Stored data entries
----------
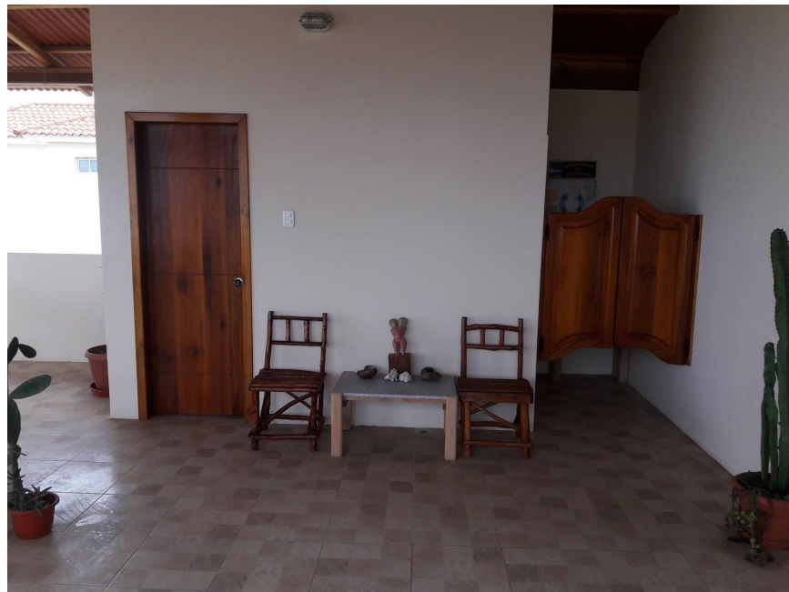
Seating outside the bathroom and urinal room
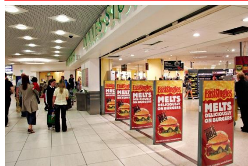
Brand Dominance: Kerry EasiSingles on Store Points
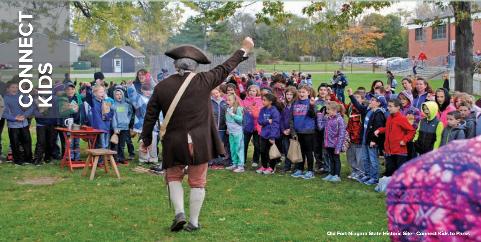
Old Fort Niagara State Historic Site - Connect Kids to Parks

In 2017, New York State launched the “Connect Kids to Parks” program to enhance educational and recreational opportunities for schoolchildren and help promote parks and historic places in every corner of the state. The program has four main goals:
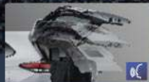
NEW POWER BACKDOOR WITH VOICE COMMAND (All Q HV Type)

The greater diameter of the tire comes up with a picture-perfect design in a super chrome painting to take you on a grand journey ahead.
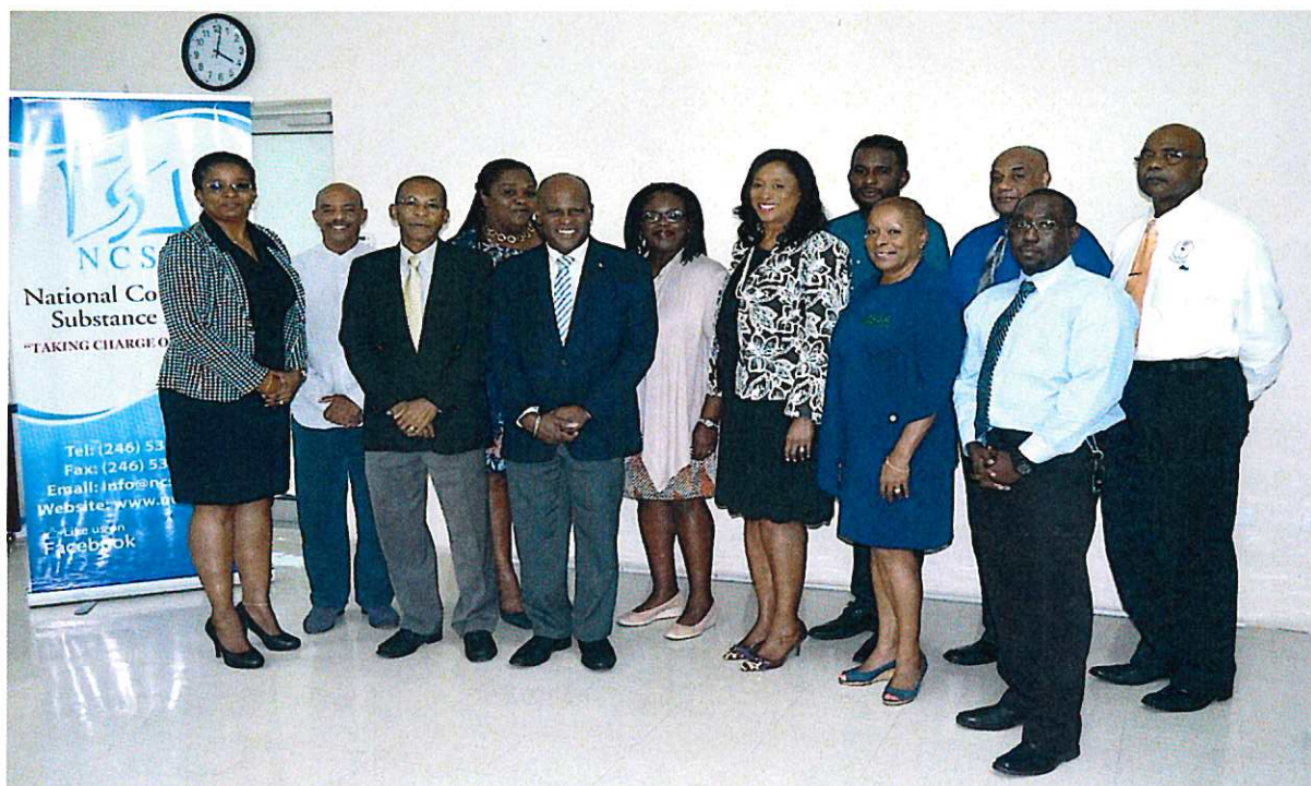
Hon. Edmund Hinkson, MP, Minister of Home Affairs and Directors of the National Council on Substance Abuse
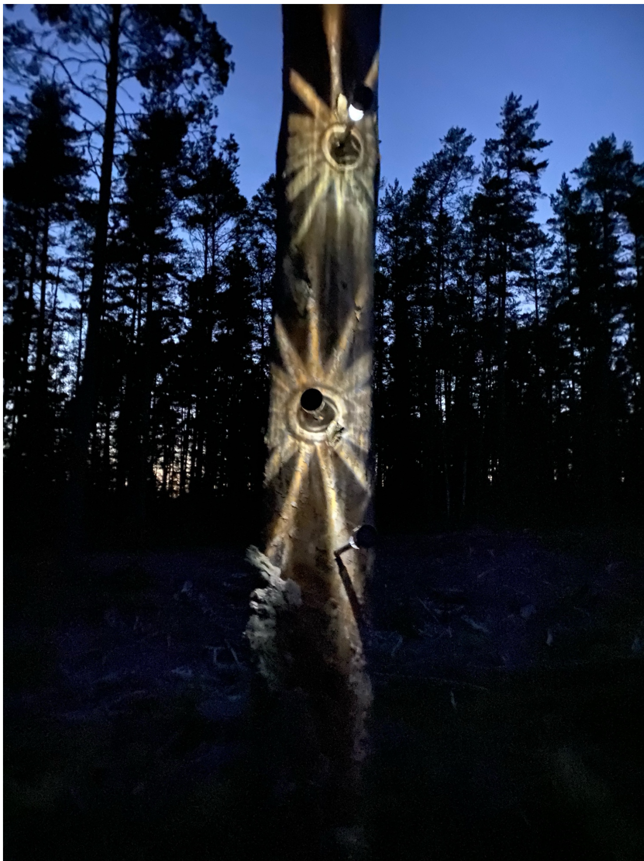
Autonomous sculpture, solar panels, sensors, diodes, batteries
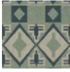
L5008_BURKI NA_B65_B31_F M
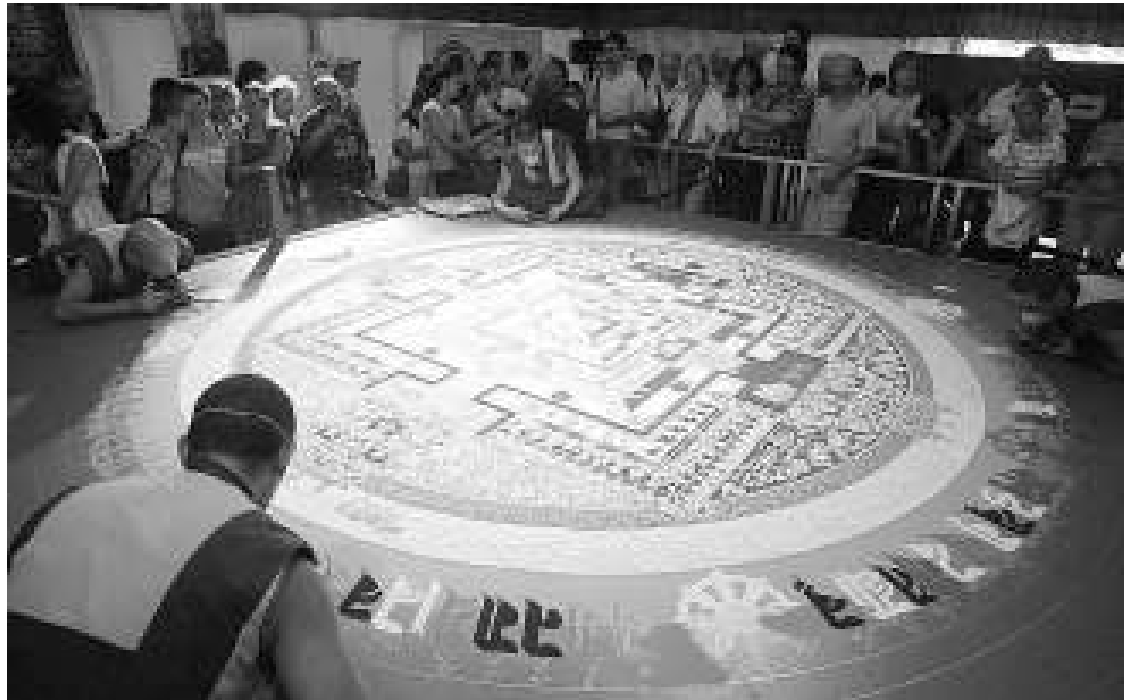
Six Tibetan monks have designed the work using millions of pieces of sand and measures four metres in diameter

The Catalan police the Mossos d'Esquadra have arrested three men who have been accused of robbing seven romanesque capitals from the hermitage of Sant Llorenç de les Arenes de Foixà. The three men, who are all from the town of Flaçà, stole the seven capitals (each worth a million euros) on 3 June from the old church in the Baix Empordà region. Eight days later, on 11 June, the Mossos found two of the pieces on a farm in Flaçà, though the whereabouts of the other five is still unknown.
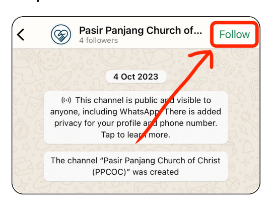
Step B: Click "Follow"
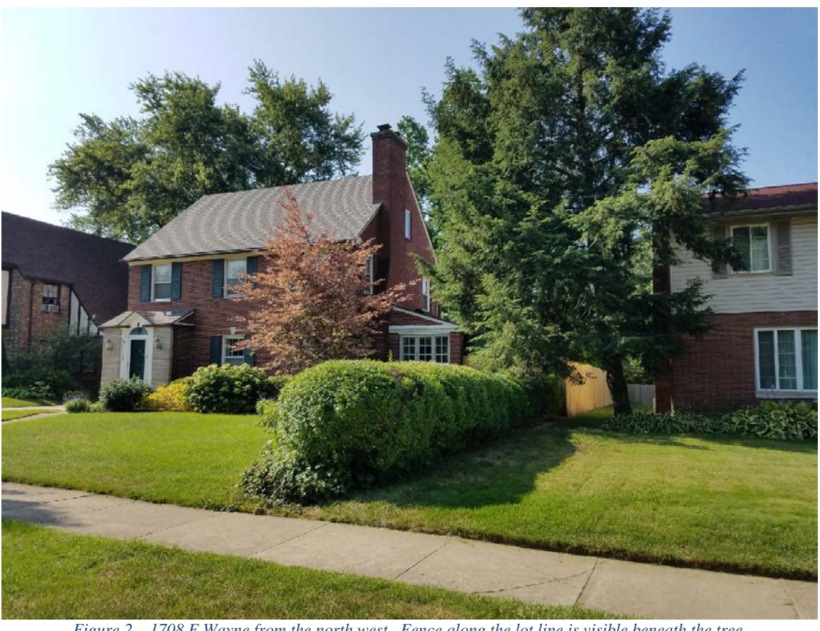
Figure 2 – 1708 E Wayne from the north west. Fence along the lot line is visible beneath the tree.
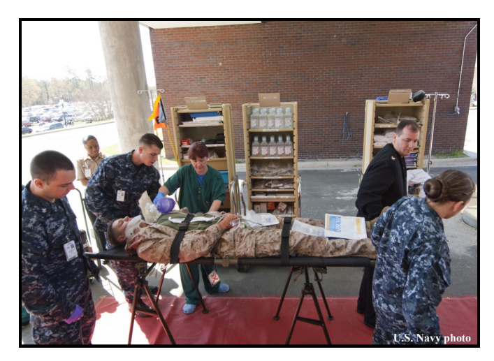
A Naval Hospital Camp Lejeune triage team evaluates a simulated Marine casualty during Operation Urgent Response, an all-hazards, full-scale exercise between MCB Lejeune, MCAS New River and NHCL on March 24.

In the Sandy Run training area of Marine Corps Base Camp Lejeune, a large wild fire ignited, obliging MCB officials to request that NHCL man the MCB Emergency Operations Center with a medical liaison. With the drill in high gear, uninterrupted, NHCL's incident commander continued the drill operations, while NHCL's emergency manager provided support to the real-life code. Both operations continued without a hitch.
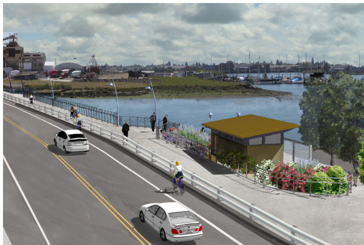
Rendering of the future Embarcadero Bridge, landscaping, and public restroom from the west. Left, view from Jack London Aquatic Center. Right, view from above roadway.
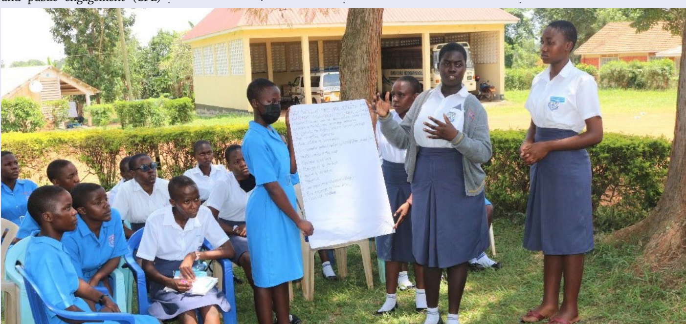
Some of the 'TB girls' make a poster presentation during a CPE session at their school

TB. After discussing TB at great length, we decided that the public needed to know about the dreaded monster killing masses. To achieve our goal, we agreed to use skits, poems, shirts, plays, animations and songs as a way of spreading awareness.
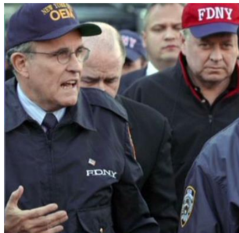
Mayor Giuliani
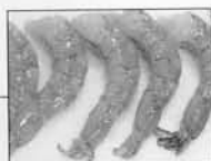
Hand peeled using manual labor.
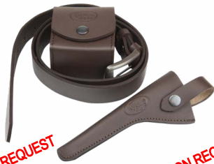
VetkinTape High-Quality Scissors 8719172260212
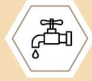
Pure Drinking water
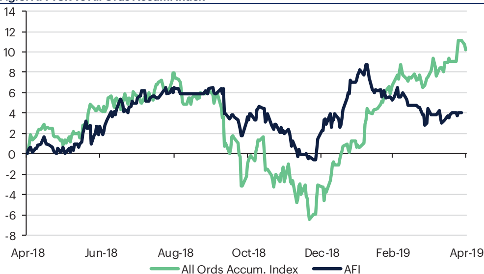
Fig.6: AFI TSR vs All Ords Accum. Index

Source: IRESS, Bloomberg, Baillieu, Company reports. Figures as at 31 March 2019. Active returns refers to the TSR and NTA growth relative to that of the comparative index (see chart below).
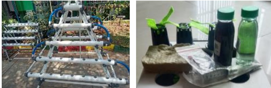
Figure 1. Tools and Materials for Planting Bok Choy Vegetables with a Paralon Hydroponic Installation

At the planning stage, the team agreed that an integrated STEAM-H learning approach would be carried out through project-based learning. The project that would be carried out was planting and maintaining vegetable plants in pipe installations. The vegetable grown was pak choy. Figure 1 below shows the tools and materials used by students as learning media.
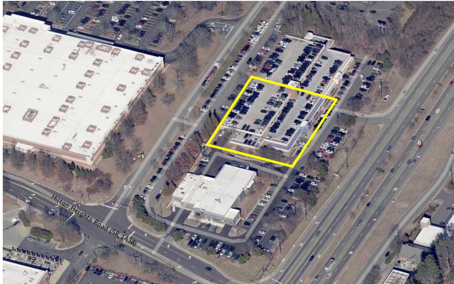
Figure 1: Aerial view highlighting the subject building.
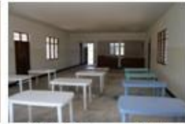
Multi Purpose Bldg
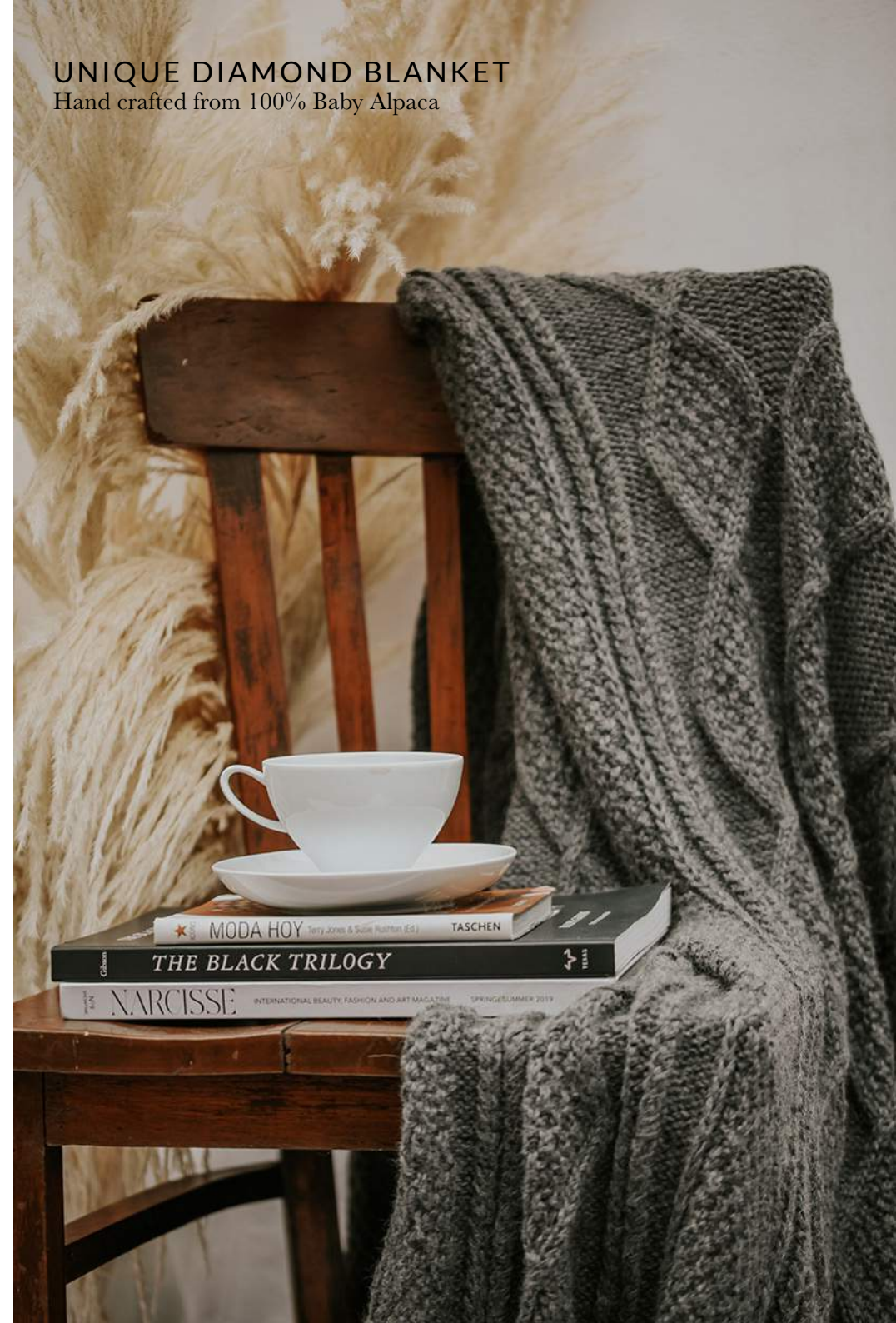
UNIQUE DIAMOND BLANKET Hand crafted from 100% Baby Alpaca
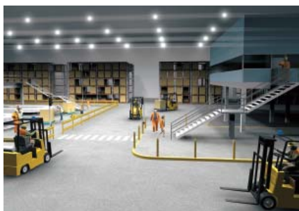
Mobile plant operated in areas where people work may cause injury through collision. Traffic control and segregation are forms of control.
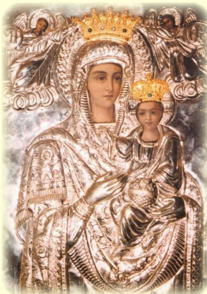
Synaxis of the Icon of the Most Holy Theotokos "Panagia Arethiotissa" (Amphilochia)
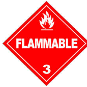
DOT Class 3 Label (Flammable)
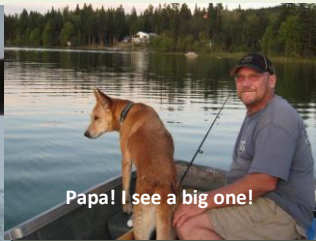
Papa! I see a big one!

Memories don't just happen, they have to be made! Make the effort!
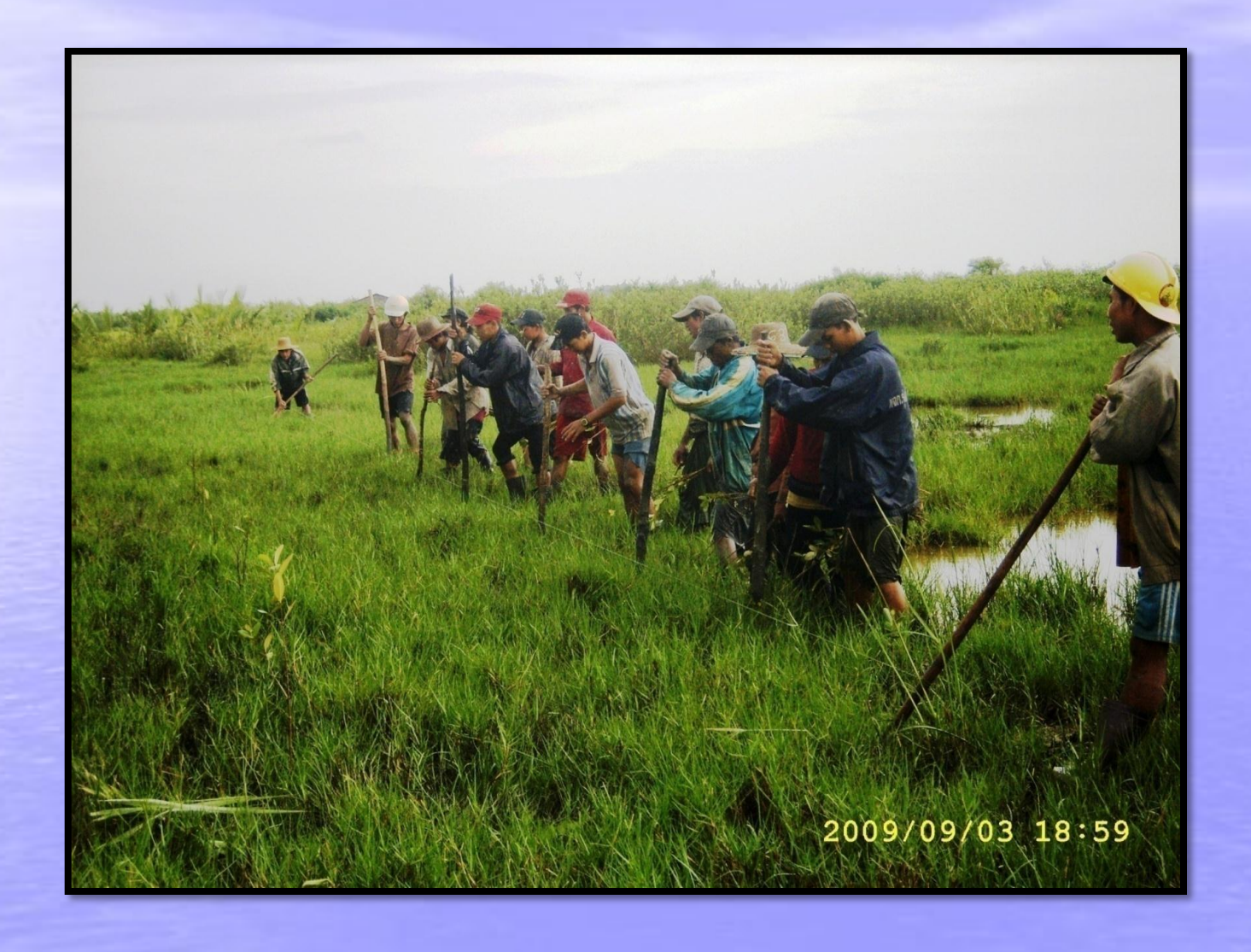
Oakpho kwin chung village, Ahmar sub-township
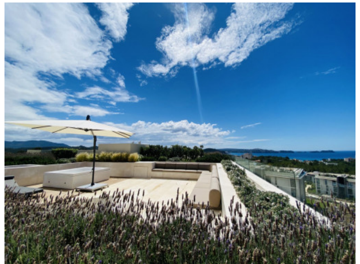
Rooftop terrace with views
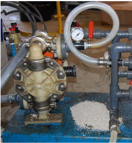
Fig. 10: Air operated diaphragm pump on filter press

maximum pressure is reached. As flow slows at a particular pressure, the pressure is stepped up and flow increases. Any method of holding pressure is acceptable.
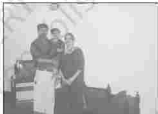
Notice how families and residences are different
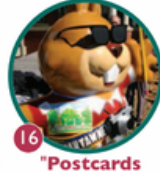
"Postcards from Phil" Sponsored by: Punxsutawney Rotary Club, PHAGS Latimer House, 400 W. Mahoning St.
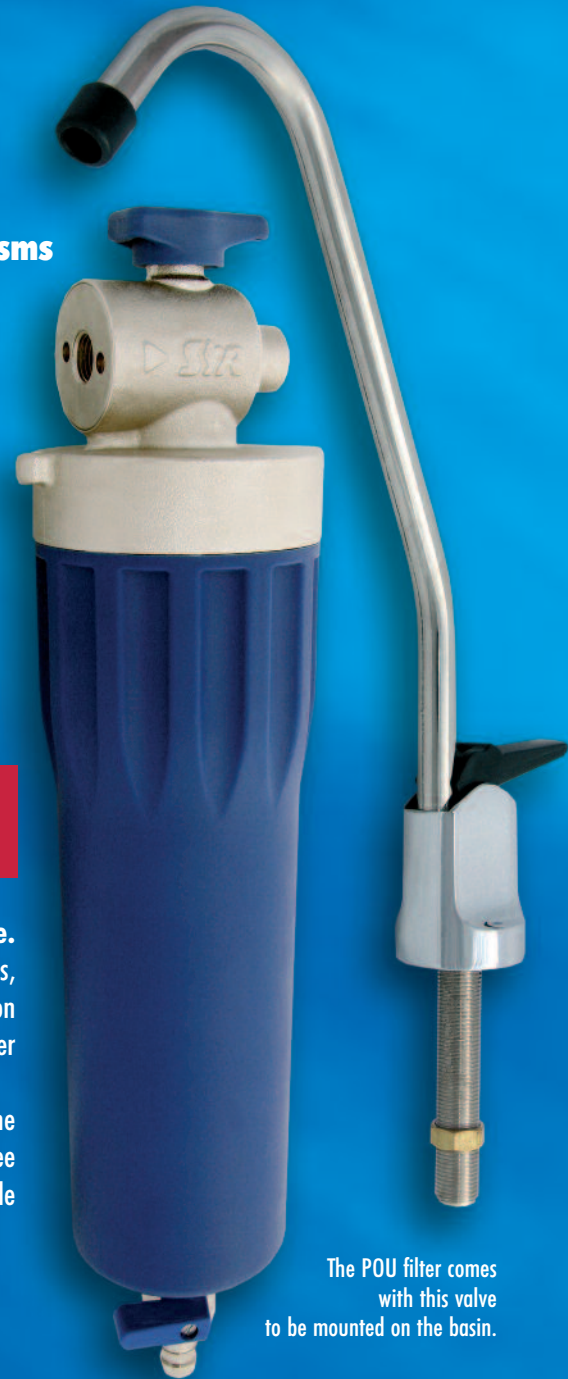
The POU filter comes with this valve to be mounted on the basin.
----------
_INSTRUCTIONS FOR THE TASK_
Please write out the lines above, beginning at the line with "Fig. 10: Air" and ending at the last line of the records, exactly as they appear and without pictures.

_FINAL ANSWER_
Fig. 10: Air operated diaphragm pump on filter press

maximum pressure is reached. As flow slows at a particular pressure, the pressure is stepped up and flow increases. Any method of holding pressure is acceptable.
Notice how families and residences are different
"Postcards from Phil" Sponsored by: Punxsutawney Rotary Club, PHAGS Latimer House, 400 W. Mahoning St.
The POU filter comes with this valve to be mounted on the basin.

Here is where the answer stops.